To do -
The lines to print run from the top of the material below to the line with "Серьги с английским", inclusive; please copy them exactly, without pictures.

Supplied data -
● ● ●

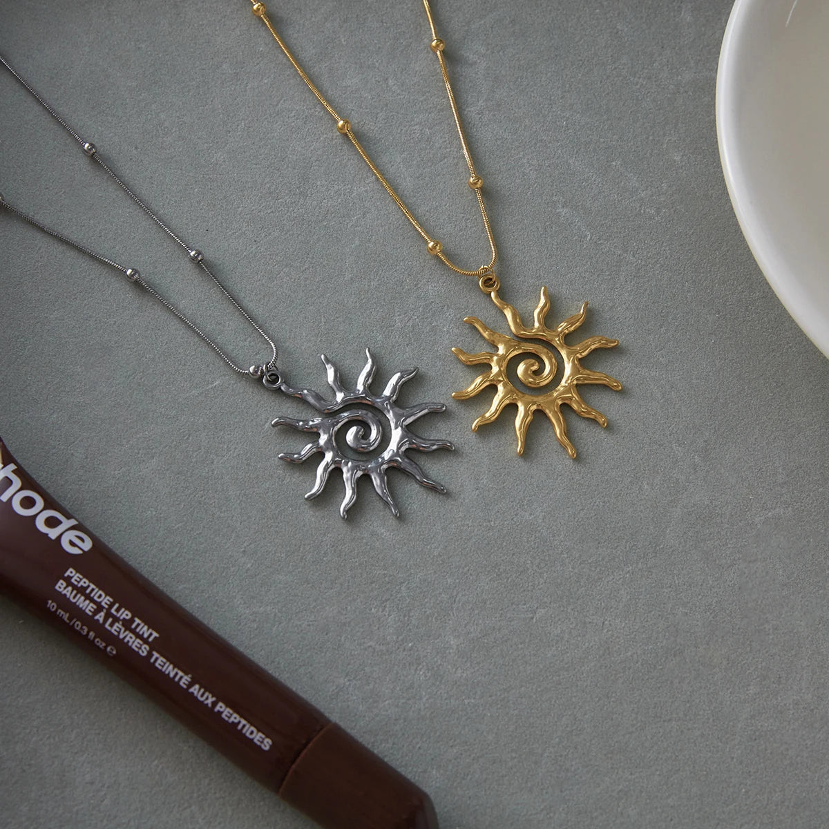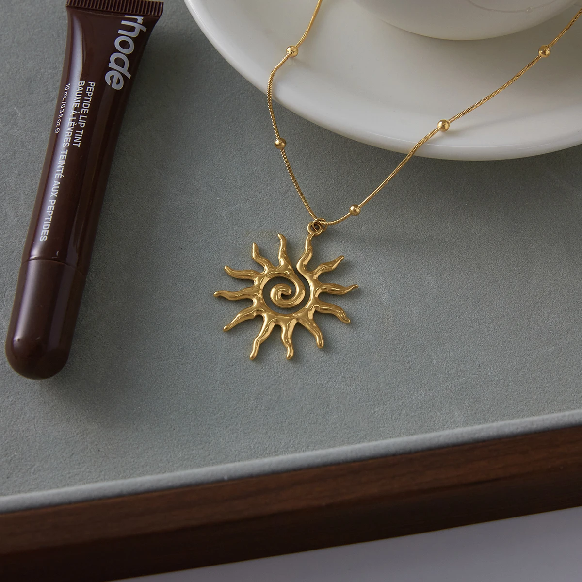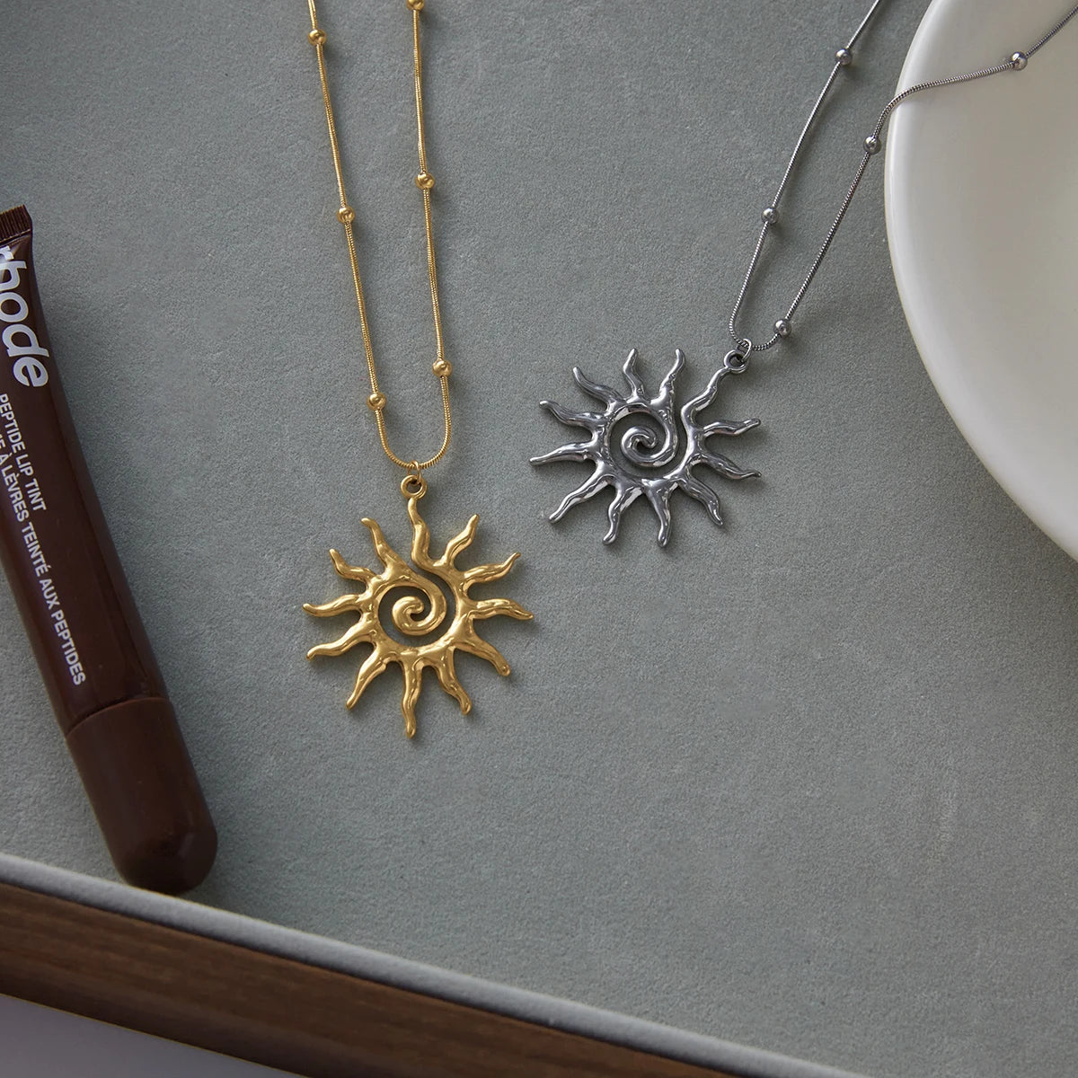 P010 Uworld Unique Trendy 18K Gold Color Plated Hammer Patterned Spiral Sun Pendant Necklace Stainless Steel Waterproof Women Jewelry
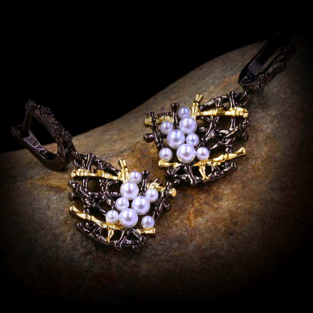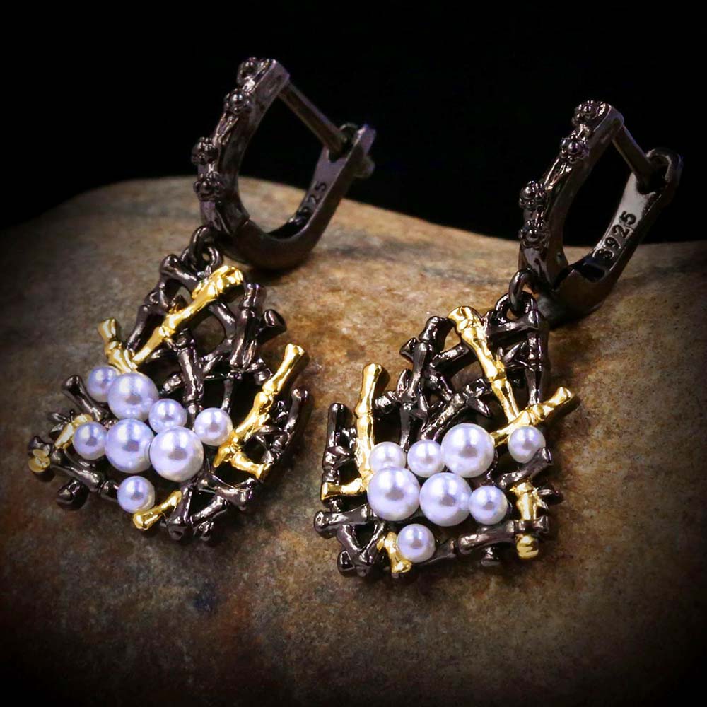 Серьги с английским замком в винтажном стиле с родиевым покрытием с искусственным жемчугом Майорка (покрытие натуральный перла
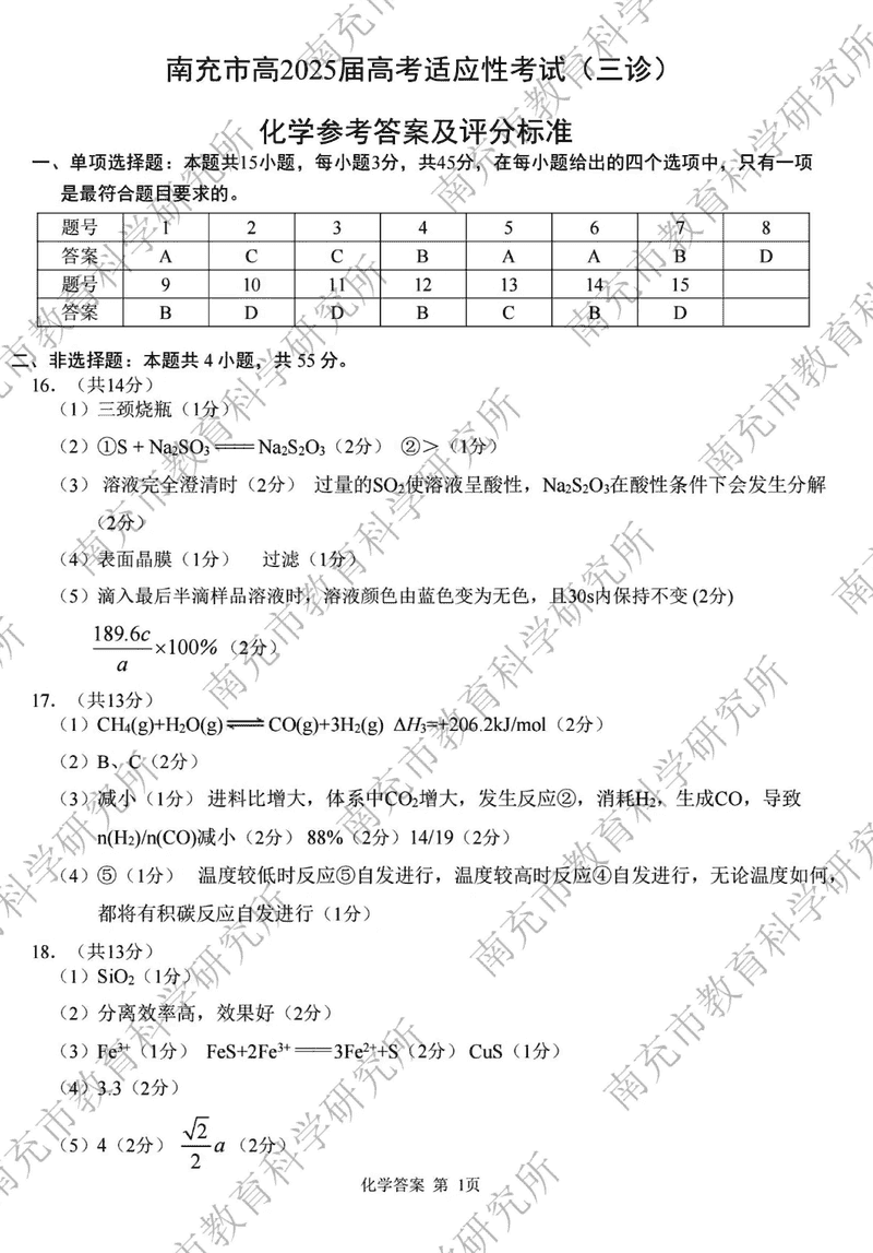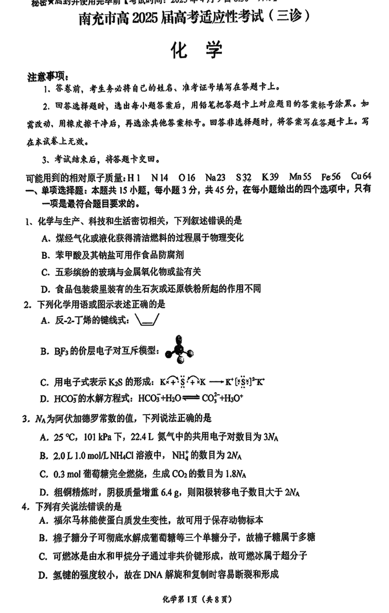 南充三诊高2025届高考适应性化学试题及答案 时间:2025-04-10 四川 理综试题 南充三诊高2025届高考适应性化学考试已于近日开考,为方便考生考后及时查看考试情况,查漏补缺、弥补不足,本文整理了试题答案解析相关信息! 汇总:南充三诊高2025届高考适应性考试试题及答案汇总 化学试题及答案解析

● ● ●

Solved exercise -
 P010 Uworld Unique Trendy 18K Gold Color Plated Hammer Patterned Spiral Sun Pendant Necklace Stainless Steel Waterproof Women Jewelry
 Серьги с английским замком в винтажном стиле с родиевым покрытием с искусственным жемчугом Майорка (покрытие натуральный перла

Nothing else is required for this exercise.